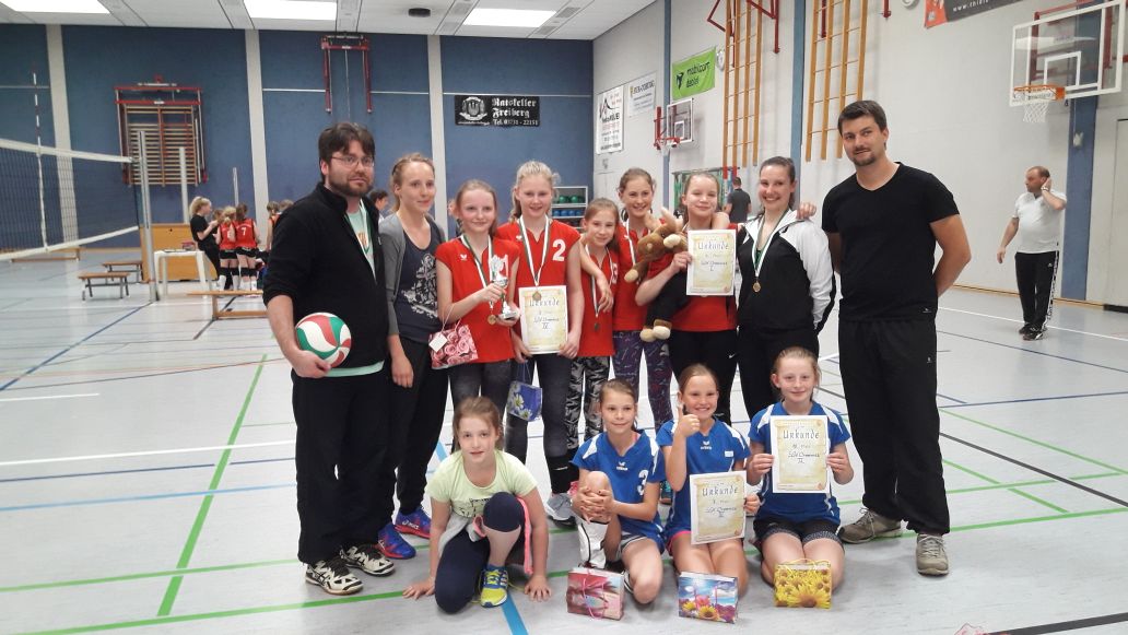 Nach dem Anpfiff folgten viele spannende Spiele und alle Mädels hatten viel Spaß dabei. Es wurde fleißig gepritscht und gebaggert, ehrgeizig nach jedem Ball gelaufen. Und natürlich musste sich zwischendrin ordentlich gestärkt werden. Es war sehr schön zu sehen, dass unser Nachwuchs viel an Spielerfahrung sammeln konnte und weiter motiviert im Training dabei ist. Am Ende belegten wir den 10. Platz (II), den 7. Platz (III), den 3. Platz (IV) und sogar Platz 1 (I). Das Finale ähnelte dem der Bezirksmeisterschaft in der U12 sehr. So standen wir zum zweiten Mal dem Lichtensteiner Team gegenüber. Nachdem wir den ersten Satz erstmal abgeben mussten, entschieden wir das Spiel mit 2:1 für uns. Doch einfach war es nicht. Mit viel Ehrgeiz und Konzentration kämpften wir um jeden Punkt. Das Spiel war nochmal eine intensive Vorbereitung auf die Sachsenmeisterschaft, bei der beide Teams vertreten waren.
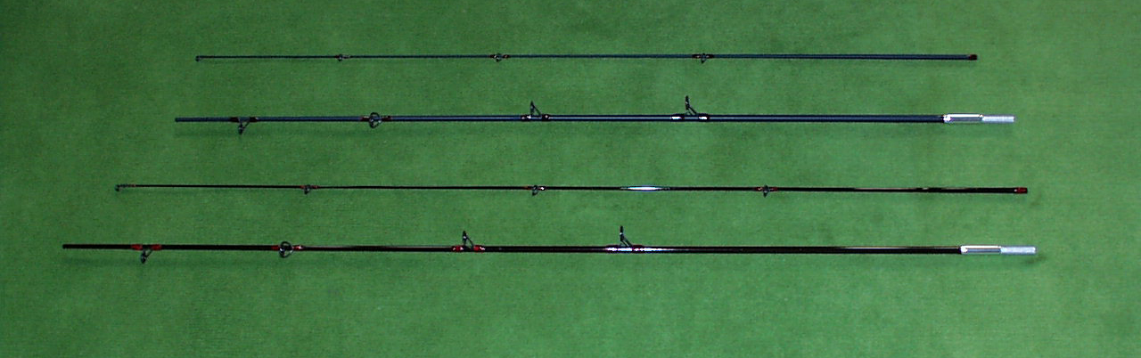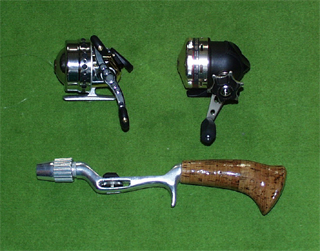 ヤマメなどの小さい魚を釣る場合、ULクラスのロッドが欲しくなりますが、スピンキャスト用のロッドはなかなか見つかりません。それなら作ってしまいましょ!って作ったロッドです。柔らかいロッドはどうしてもラインガイドを下に付けたくなるので、2pロッドの1本目で180度ひねっています。上はULクラスのファイバー、下はMLクラスのカーボンです。 新品で、手に入るリールは、限られます。お約束のジョンソンとABU。 ジョンソンはオリジナルの8lbのライン、ABUはフライリール用の下巻きラインの上に3lbのラインを付けています。 |
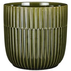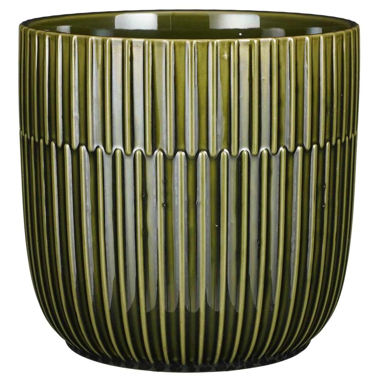 Plantenpot/bloempot van keramiek in de kleur glans donkergroen met een mooi verticale strepen patroon. Diameter 19 cm en hoogte 18 cm. Stijlvolle bloempotten voor binnen gebruik. Serie: Sara. De stijlvolle pot met het prachtige patroon aan de buitenz

▶ [TASK STATEMENT]:
Please copy the data shown above precisely, leaving the images out.

▶ [ANSWER AREA]:
 Nach dem Anpfiff folgten viele spannende Spiele und alle Mädels hatten viel Spaß dabei. Es wurde fleißig gepritscht und gebaggert, ehrgeizig nach jedem Ball gelaufen. Und natürlich musste sich zwischendrin ordentlich gestärkt werden. Es war sehr schön zu sehen, dass unser Nachwuchs viel an Spielerfahrung sammeln konnte und weiter motiviert im Training dabei ist. Am Ende belegten wir den 10. Platz (II), den 7. Platz (III), den 3. Platz (IV) und sogar Platz 1 (I). Das Finale ähnelte dem der Bezirksmeisterschaft in der U12 sehr. So standen wir zum zweiten Mal dem Lichtensteiner Team gegenüber. Nachdem wir den ersten Satz erstmal abgeben mussten, entschieden wir das Spiel mit 2:1 für uns. Doch einfach war es nicht. Mit viel Ehrgeiz und Konzentration kämpften wir um jeden Punkt. Das Spiel war nochmal eine intensive Vorbereitung auf die Sachsenmeisterschaft, bei der beide Teams vertreten waren.
 ヤマメなどの小さい魚を釣る場合、ULクラスのロッドが欲しくなりますが、スピンキャスト用のロッドはなかなか見つかりません。それなら作ってしまいましょ!って作ったロッドです。柔らかいロッドはどうしてもラインガイドを下に付けたくなるので、2pロッドの1本目で180度ひねっています。上はULクラスのファイバー、下はMLクラスのカーボンです。 新品で、手に入るリールは、限られます。お約束のジョンソンとABU。 ジョンソンはオリジナルの8lbのライン、ABUはフライリール用の下巻きラインの上に3lbのラインを付けています。 |
 Plantenpot/bloempot van keramiek in de kleur glans donkergroen met een mooi verticale strepen patroon. Diameter 19 cm en hoogte 18 cm. Stijlvolle bloempotten voor binnen gebruik. Serie: Sara. De stijlvolle pot met het prachtige patroon aan de buitenz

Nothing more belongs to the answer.